Brief | All lines from the one containing "Blauwe stropdas met" through the final line of the records below should be reproduced exactly, with the pictures left out.

[Stored data]
☆ ☆ ☆

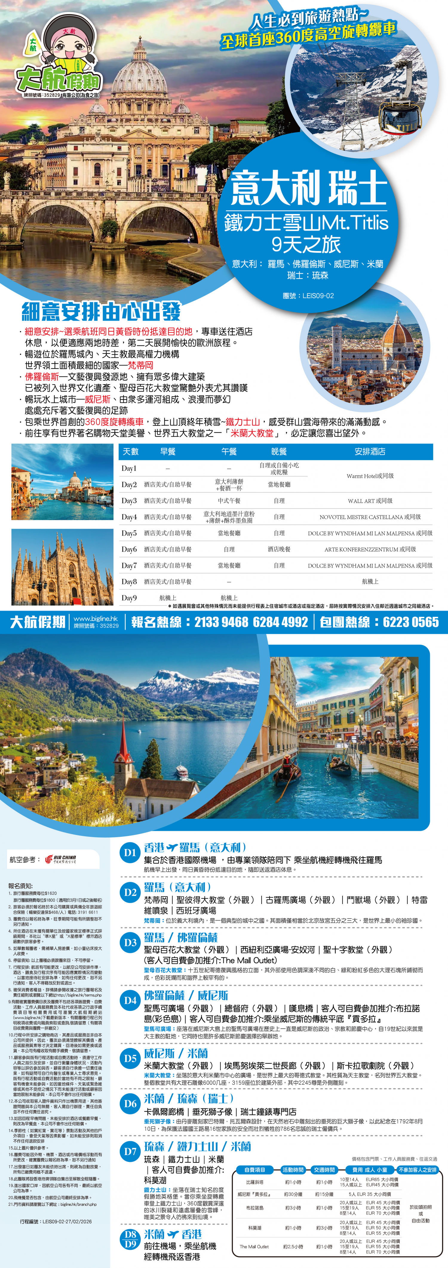 意大利 瑞士鐵力土雪山 9天之旅 << 意大利:羅馬、佛羅倫斯、威尼斯、米蘭 // 瑞士:琉森 >>
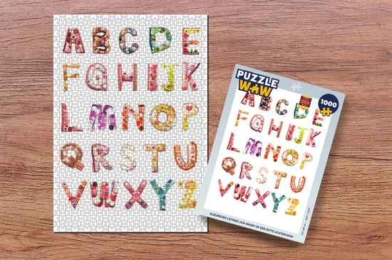 Puzzel 1000 stukjes – Kleurrijke letters van snoep op een witte achtergrond – Puzzels
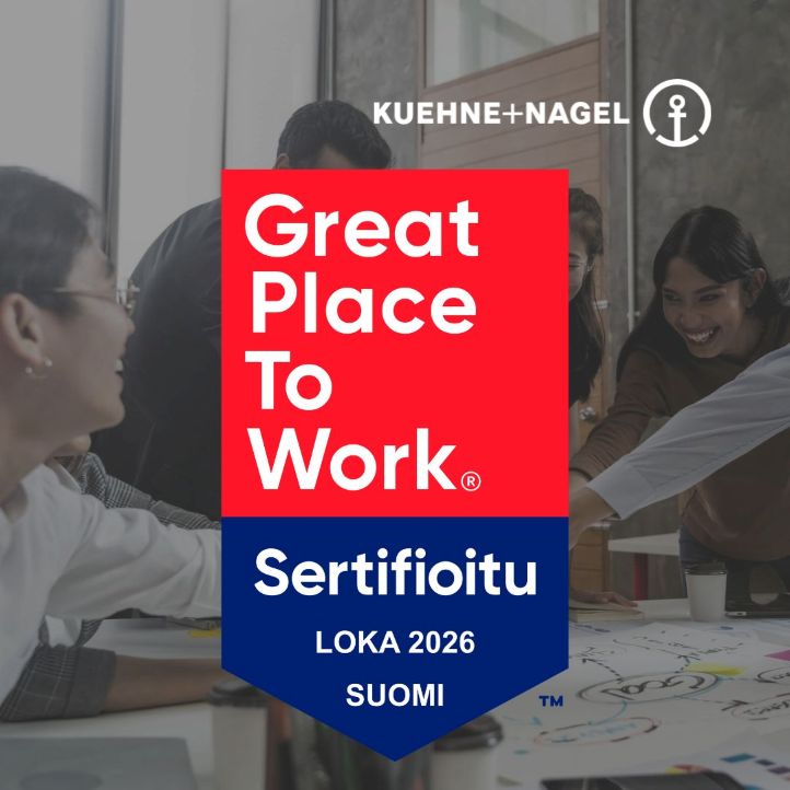Kuehne+Nagel Suomi on saanut Great Place to Work® -sertifikaatin jo kolmannen kerran peräkkäin. Great Place to Work® -sertifiointi perustuu vuosittain henkilöstölle toteutettavaan anonyymiin henkilöstötutkimukseen, jossa kartoitetaan työntekijöiden kokemuksia työpaikastaan.
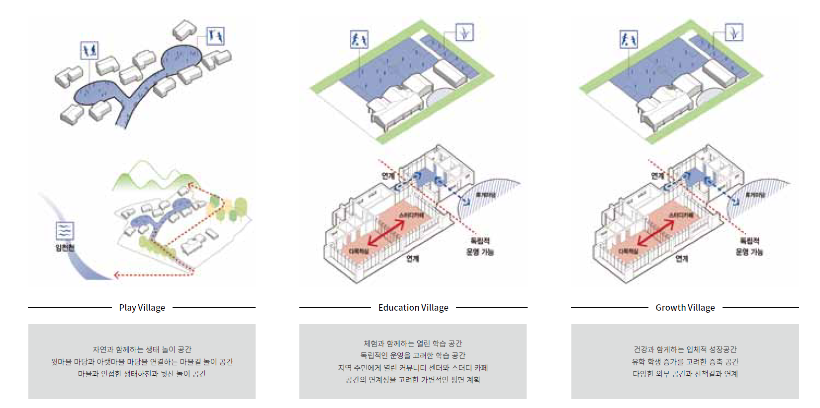 프로그램 계획에서 학생과 가족이 거주할 단독주택 10동, 마을 주민들이 함께 사용할 커뮤니티센터, 농기구 보관을 고려한 창고시설을 계획하며 주택과 공용시설 간 유기적인 연계를 고려했다. 배치는 주택 10동을 2개 마을로 분리하였다. 주민들의 편의성과 거주지의 독립성을 위해 단지 북측에 커뮤니티센터를 배치하였다. 두 개의 마을은 전통마을 마을길을 차용하여 길과 마당을 공유한다.
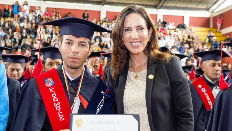 Este importante evento contó con la presencia de la ministra de Educación, Alegría Crespo, quien compartió momentos especiales con los nuevos bachilleres, sus familias, docentes y autoridades educativas. La titular de esta cartera de Estado resaltó que nunca es tarde para retomar los estudios y cumplir sueños académicos, recordando que la educación es un derecho que puede ejercerse en cualquier etapa de la vida.
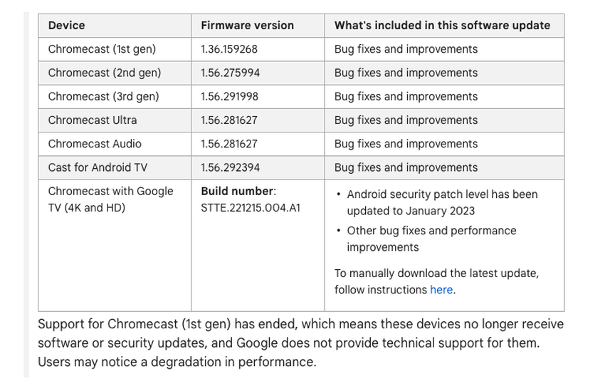 Google heeft aangekondigd dat het de ondersteuning voor de eerste generatie Chromecast stopzet.
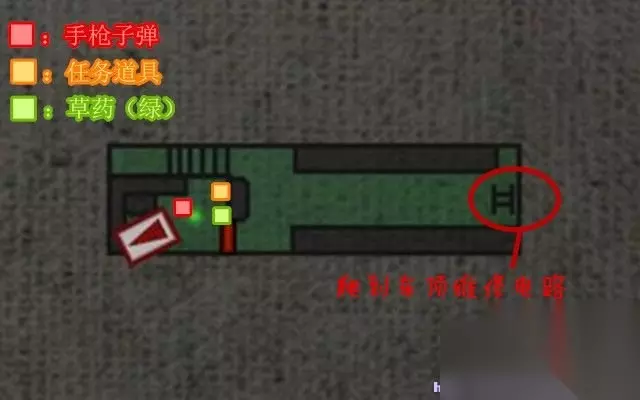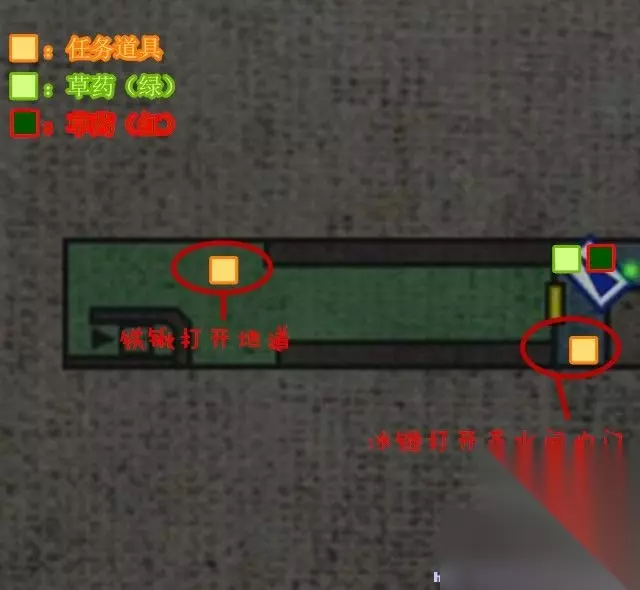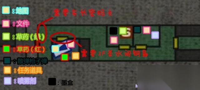 地图界面 缩放地图:按Q键和E键缩放地图。 切换地图楼层:按W键、S键切换地图楼层,如果未有获得完整该地区地图或者是未走遍这个地区,那么部分楼层暂时不会在地图中显示。 标志:绿圈、红圈表示药物,“S”表示打字机(存档点)位置。 红色三角形:表示瑞贝卡·查姆博斯所在位置。 蓝色三角形:表示比利·柯恩所在的位置。
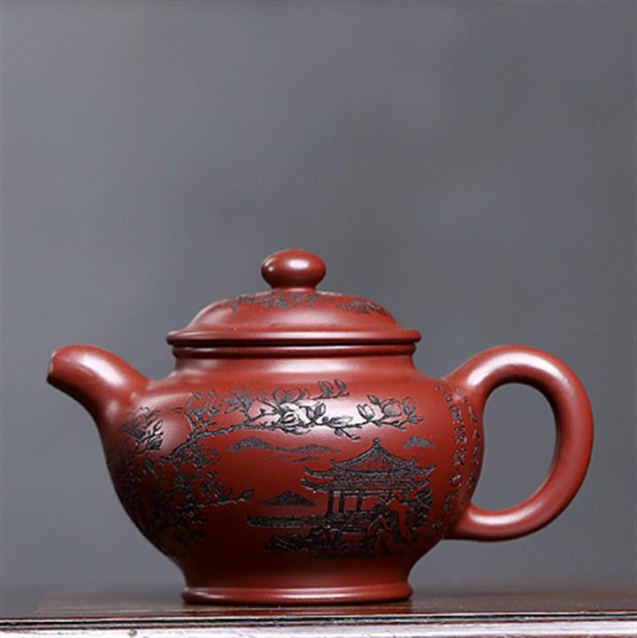 400cc原礦紫泥刻繪山水仿古茶壺POT8616
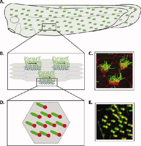 The PCP pathway instructs the planar orientation of ciliated cells in the Xenopus larval skin., Mitchell B, Stubbs JL, Huisman F, Taborek P, Yu C, Kintner C., Curr Biol. June 9, 2009; 19 (11): 924-9. |
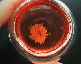 壶中先放入菊花,玫瑰茄,倒入开水微微晃下,倒掉茶水,洗去尘灰
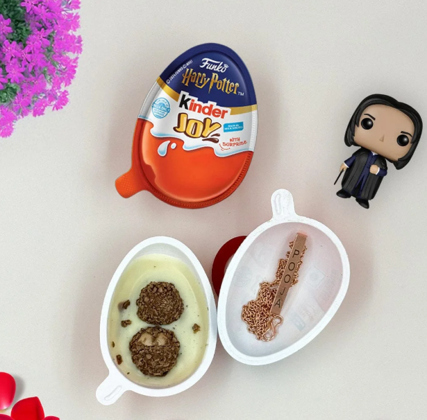 • Packaging: Hidden inside a Kinder Joy pack for a unique gifting experience
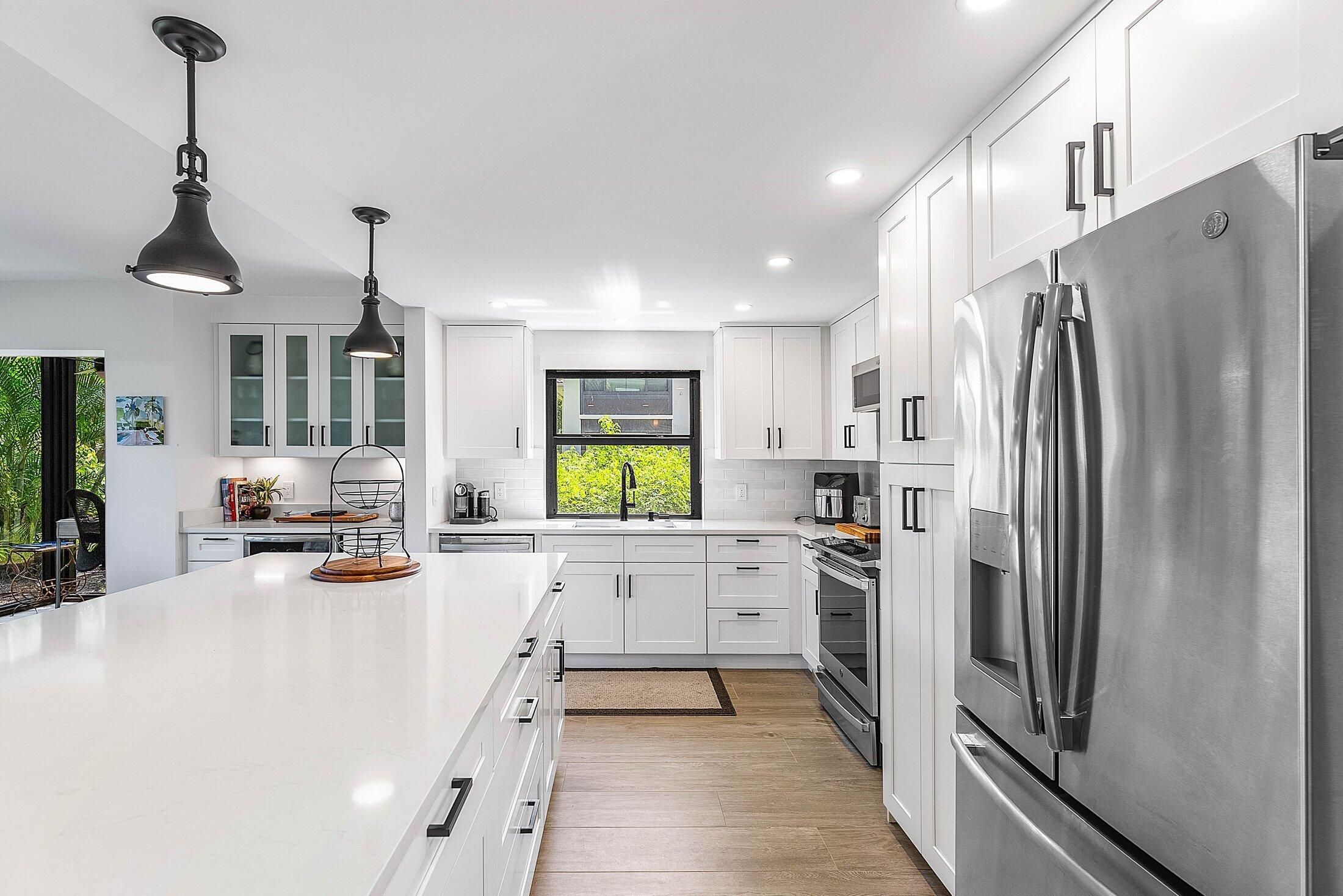 Experience effortless living in this fully renovated 2-bedroom, 2-bath home located in the Green Heron S area of Quail Ridge. Situated on the first floor, this bright and spacious residence features a stunning lake view and a welcoming open patio--perfect for relaxing or entertaining. Step inside to discover wood-look flooring throughout, impact glass windows and doors for added peace of mind, and a thoughtfully designed layout. The open-concept living and dining areas flow seamlessly into a sleek, modern kitchen with high-end finishes. The primary suite offers a tranquil retreat with a large walk-in closet and a beautifully updated en-suite bath. Enjoy all the amenities of club living in this move-in ready home with stylish upgrades and timeless appeal. Comes fully furnished!
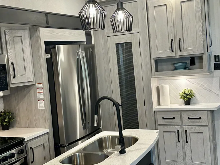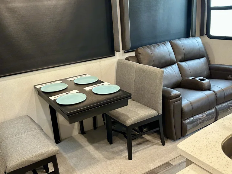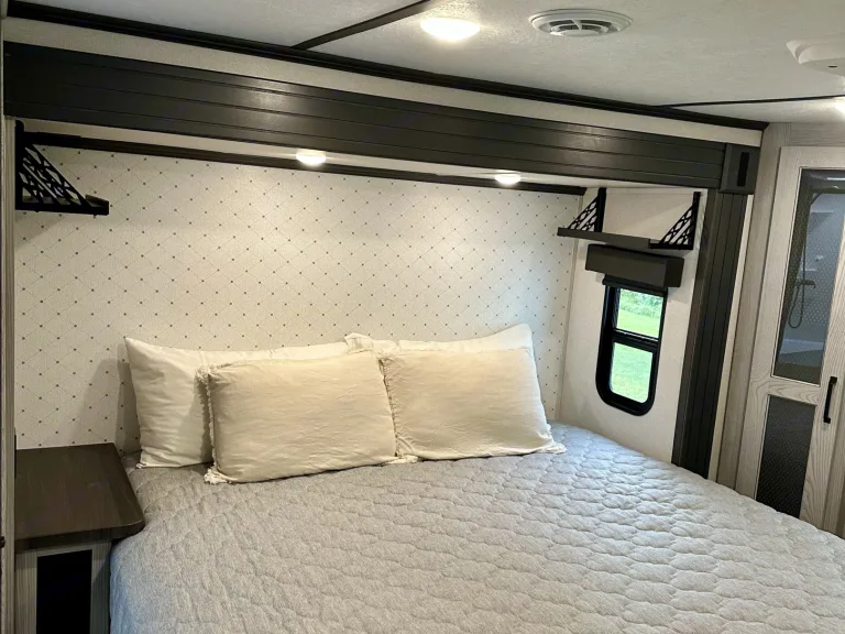 Luxurious camper perfect for a family of four! Features a king size bed, full-size refrigerator, full-size kitchen sink, reclining chairs, and a couch that turns into a sleeper. We also include a full-size air mattress.
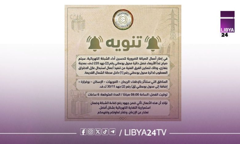 إطفاء مبرمج في بنغازي غدًا لصيانة محول بوعطني وتحسين الشبكة
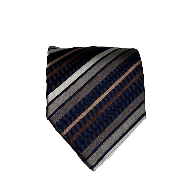 Blauwe stropdas met grijze en bruine strepen, 'n voering van zuiver scheerwol voor een volle knoop, en blijvend goede vorm. Shop nu online bij Italian Design!
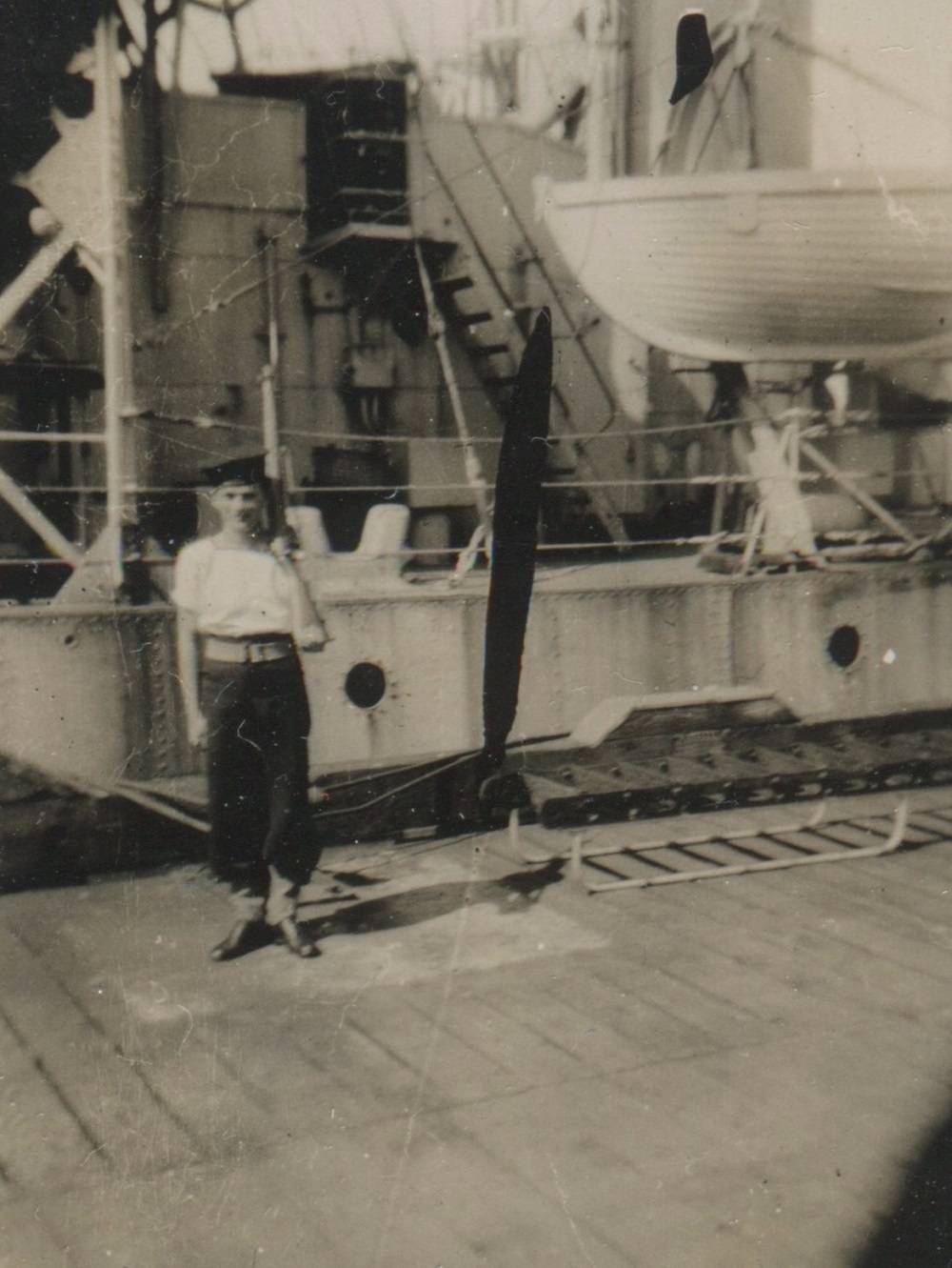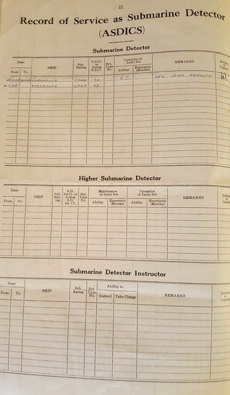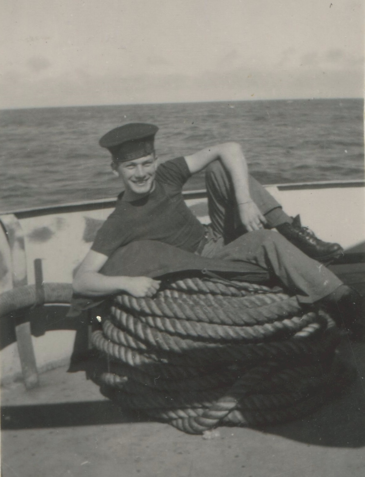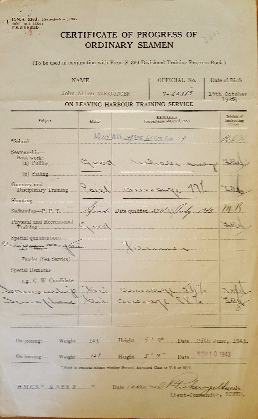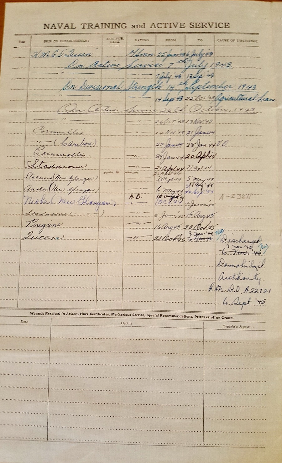 Ships served in: HMCS QUEEN - Enlisted 25 Jun 1943. Commenced active service 07 Jul 1943 HMCS CARIBOU - Served in Caribou 22 Jan 1944 - 28 Jan 1944 while in training at HMCS Cornwallis HMCS NEW GLASGOW - Served in New Glasgow 28 Apr 1944 - 15 Aug 1945 as an OS and AB, RCNVR. Rated AB 18 Aug 1944 HMCS QUEEN - Demobilized 09 Nov 1945
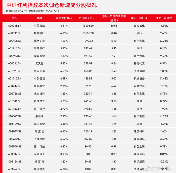 不妨一起详细看下本次中证红利指数(000922.SH)调仓情况。
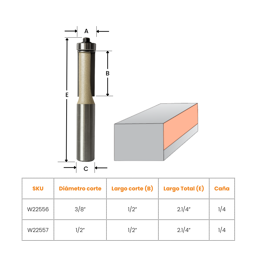 Fresa de Rebordear diseñada especialmente para el trabajo en superficies laminadas, esta fresa garantiza un acabado uniforme, preciso y libre de imperfecciones en cantos y bordes. Sus dos rodamientos de guía permiten un mejor control y estabilidad durante el corte, reduciendo vibraciones y asegurando un rebordeado limpio incluso en curvas o superficies irregulares.

☆ ☆ ☆

Written response |
 Blauwe stropdas met grijze en bruine strepen, 'n voering van zuiver scheerwol voor een volle knoop, en blijvend goede vorm. Shop nu online bij Italian Design!
 Ships served in: HMCS QUEEN - Enlisted 25 Jun 1943. Commenced active service 07 Jul 1943 HMCS CARIBOU - Served in Caribou 22 Jan 1944 - 28 Jan 1944 while in training at HMCS Cornwallis HMCS NEW GLASGOW - Served in New Glasgow 28 Apr 1944 - 15 Aug 1945 as an OS and AB, RCNVR. Rated AB 18 Aug 1944 HMCS QUEEN - Demobilized 09 Nov 1945
 不妨一起详细看下本次中证红利指数(000922.SH)调仓情况。
 Fresa de Rebordear diseñada especialmente para el trabajo en superficies laminadas, esta fresa garantiza un acabado uniforme, preciso y libre de imperfecciones en cantos y bordes. Sus dos rodamientos de guía permiten un mejor control y estabilidad durante el corte, reduciendo vibraciones y asegurando un rebordeado limpio incluso en curvas o superficies irregulares.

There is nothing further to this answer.